WORK TASK: Given the entries below, would you transcribe exactly the lines starting at the one with "A Swedish observation" and ending at the one with "Hongmi Redmi 4x |", both kept, pictures omitted, nothing extra?

DATA UNDER STUDY:
..........

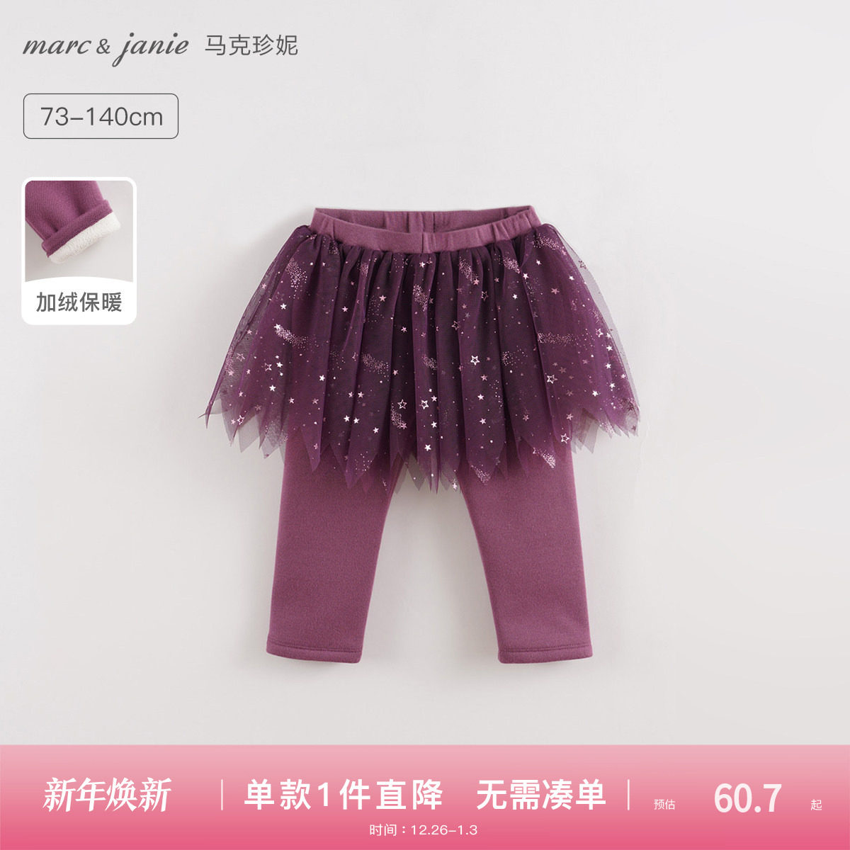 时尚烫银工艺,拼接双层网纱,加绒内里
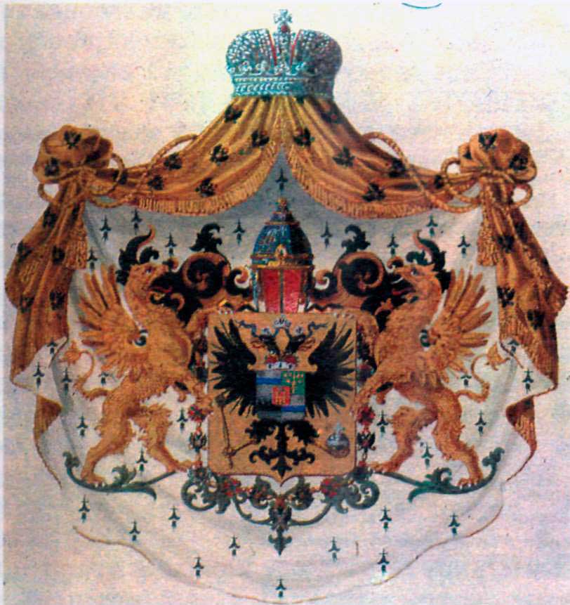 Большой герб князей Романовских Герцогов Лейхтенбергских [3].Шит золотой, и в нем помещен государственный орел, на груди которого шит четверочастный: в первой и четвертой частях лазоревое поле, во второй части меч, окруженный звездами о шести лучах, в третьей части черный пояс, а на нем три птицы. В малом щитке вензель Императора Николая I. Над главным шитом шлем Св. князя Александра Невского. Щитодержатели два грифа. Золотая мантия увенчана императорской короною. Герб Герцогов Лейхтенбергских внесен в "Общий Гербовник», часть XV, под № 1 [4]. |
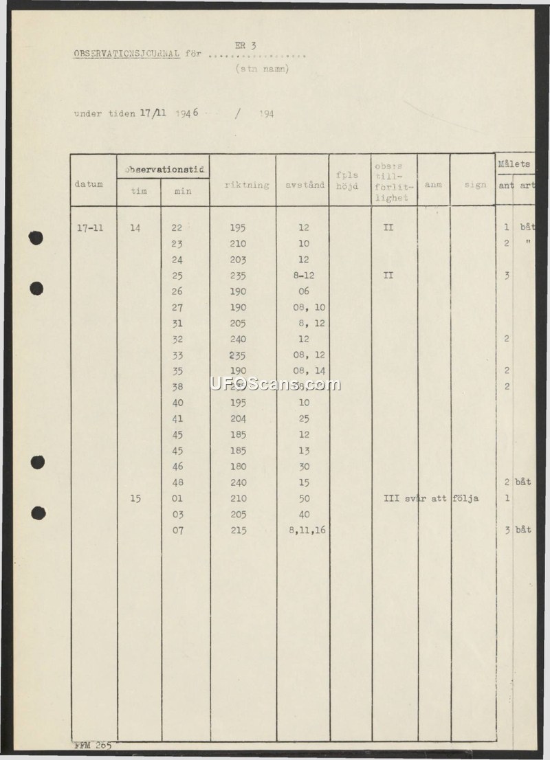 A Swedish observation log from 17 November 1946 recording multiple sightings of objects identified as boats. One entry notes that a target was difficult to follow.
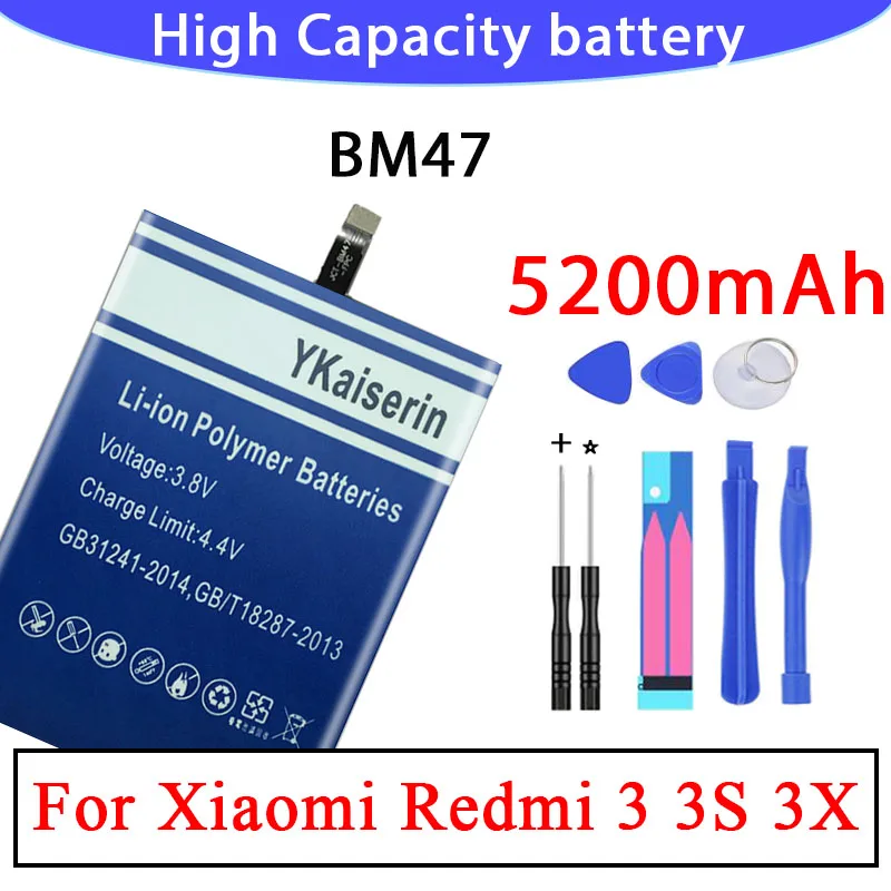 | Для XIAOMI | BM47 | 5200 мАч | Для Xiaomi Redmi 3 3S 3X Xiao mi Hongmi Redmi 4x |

..........

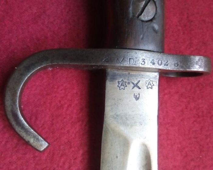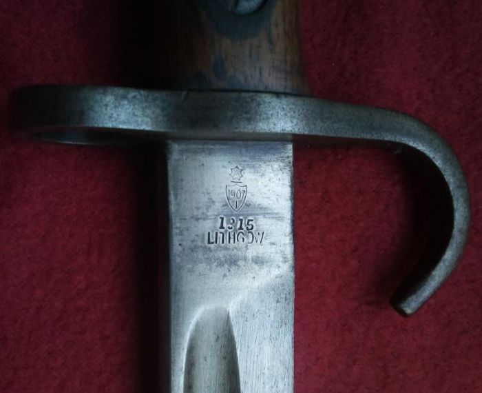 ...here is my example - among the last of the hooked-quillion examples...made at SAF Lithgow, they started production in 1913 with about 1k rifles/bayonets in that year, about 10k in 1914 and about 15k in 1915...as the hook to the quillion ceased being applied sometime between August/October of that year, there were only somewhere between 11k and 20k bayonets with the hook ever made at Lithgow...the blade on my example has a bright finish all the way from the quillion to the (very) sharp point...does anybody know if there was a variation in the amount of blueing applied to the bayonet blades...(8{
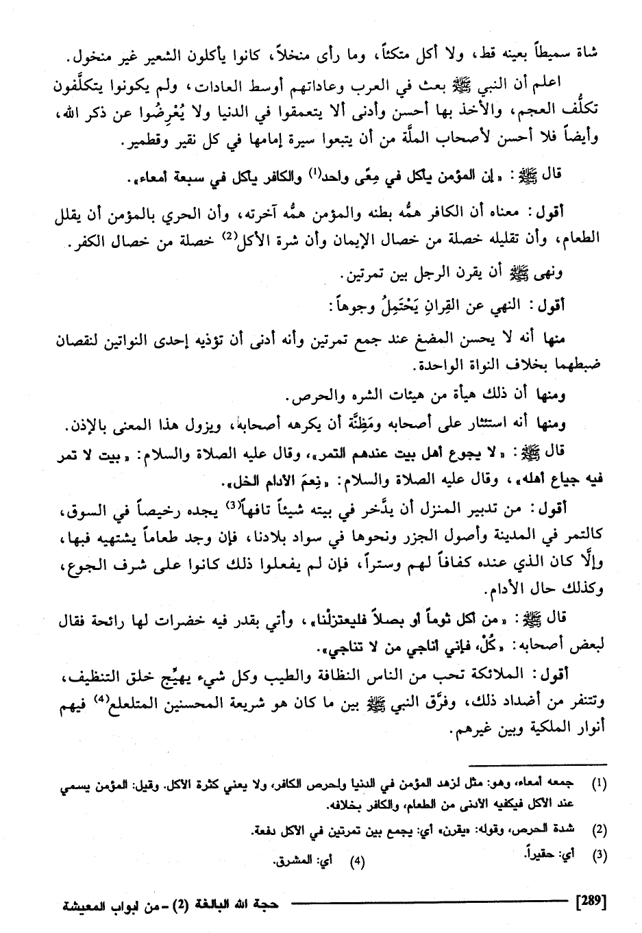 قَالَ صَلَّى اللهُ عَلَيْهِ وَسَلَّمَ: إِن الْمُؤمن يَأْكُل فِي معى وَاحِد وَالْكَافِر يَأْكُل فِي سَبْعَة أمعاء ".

..........

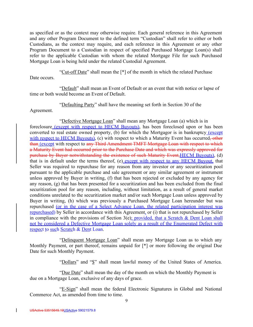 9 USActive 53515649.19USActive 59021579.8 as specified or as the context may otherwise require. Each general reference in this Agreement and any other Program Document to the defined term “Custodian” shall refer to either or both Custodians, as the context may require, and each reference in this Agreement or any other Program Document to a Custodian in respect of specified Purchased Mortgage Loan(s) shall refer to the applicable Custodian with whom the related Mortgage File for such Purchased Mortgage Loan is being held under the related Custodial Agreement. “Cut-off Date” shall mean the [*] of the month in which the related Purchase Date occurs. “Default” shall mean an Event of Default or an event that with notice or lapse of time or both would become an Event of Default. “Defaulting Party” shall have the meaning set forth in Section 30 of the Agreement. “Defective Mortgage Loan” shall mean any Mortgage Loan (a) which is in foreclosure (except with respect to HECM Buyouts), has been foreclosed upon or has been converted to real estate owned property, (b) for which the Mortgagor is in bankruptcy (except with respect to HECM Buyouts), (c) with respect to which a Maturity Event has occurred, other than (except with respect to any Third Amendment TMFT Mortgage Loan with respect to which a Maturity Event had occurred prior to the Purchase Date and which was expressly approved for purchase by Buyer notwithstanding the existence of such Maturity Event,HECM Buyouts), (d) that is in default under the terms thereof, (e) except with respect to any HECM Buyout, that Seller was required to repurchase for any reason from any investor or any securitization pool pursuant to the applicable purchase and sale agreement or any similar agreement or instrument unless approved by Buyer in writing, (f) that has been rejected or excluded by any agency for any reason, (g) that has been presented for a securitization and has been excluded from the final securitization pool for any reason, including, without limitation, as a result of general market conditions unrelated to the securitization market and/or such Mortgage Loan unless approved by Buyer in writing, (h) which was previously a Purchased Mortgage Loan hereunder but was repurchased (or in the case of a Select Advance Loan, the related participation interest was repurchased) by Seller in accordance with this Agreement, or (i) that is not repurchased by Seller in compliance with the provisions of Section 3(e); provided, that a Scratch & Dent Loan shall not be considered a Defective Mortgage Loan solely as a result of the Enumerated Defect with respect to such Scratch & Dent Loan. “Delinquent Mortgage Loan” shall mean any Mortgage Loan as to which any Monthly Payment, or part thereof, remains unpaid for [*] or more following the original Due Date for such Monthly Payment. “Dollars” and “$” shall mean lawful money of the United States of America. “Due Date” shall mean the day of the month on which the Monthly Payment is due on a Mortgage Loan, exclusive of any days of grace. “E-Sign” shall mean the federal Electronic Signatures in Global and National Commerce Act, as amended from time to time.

..........

OUTPUT BELOW:
 A Swedish observation log from 17 November 1946 recording multiple sightings of objects identified as boats. One entry notes that a target was difficult to follow.
 | Для XIAOMI | BM47 | 5200 мАч | Для Xiaomi Redmi 3 3S 3X Xiao mi Hongmi Redmi 4x |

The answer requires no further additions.